These are a lot of rules to remember, so refer back here if you need to review them, and let's start making the game!

Q2: Making Cards

To play a card game, we're going to need to have cards, so let's make some! We're gonna implement the basics of the Card class first.

First, implement the Card class constructor in classes.py. This constructor takes three arguments:

  • the name of the card, a string
  • the attack stat of the card, an integer
  • the defense stat of the card, an integer

Each Card instance should keep track of these values using instance attributes called name, attack, and defense.

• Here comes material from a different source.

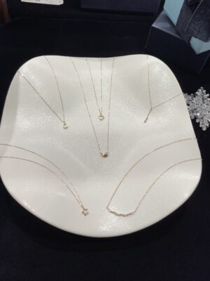 左側のネックレスはスターをモチーフとしており3石のダイヤがあしらわれたネックレス

You should also implement the power method in Card, which takes in another card as an input and calculates the current card's power. Check the Rules section if you want a refresher on how power is calculated.

class Card:
    cardtype = 'Staff'

    def __init__(self, name, attack, defense):
        """
        Create a Card object with a name, attack,
        and defense.
        >>> staff_member = Card('staff', 400, 300)
        >>> staff_member.name
        'staff'
        >>> staff_member.attack
        400
        >>> staff_member.defense
        300
        >>> other_staff = Card('other', 300, 500)
        >>> other_staff.attack
        300
        >>> other_staff.defense
        500
        """
        "*** YOUR CODE HERE ***"

    def power(self, opponent_card):
        """
        Calculate power as:
        (player card's attack) - (opponent card's defense)/2
        >>> staff_member = Card('staff', 400, 300)
        >>> other_staff = Card('other', 300, 500)
        >>> staff_member.power(other_staff)
        150.0
        >>> other_staff.power(staff_member)
        150.0
        >>> third_card = Card('third', 200, 400)
        >>> staff_member.power(third_card)
        200.0
        >>> third_card.power(staff_member)
        50.0
        """
        "*** YOUR CODE HERE ***"

Use Ok to test your code:

python3 ok -q Card.__init__
python3 ok -q Card.power

Q3: Making a Player

Now that we have cards, we can make a deck, but we still need players to actually use them. We'll now fill in the implementation of the Player class.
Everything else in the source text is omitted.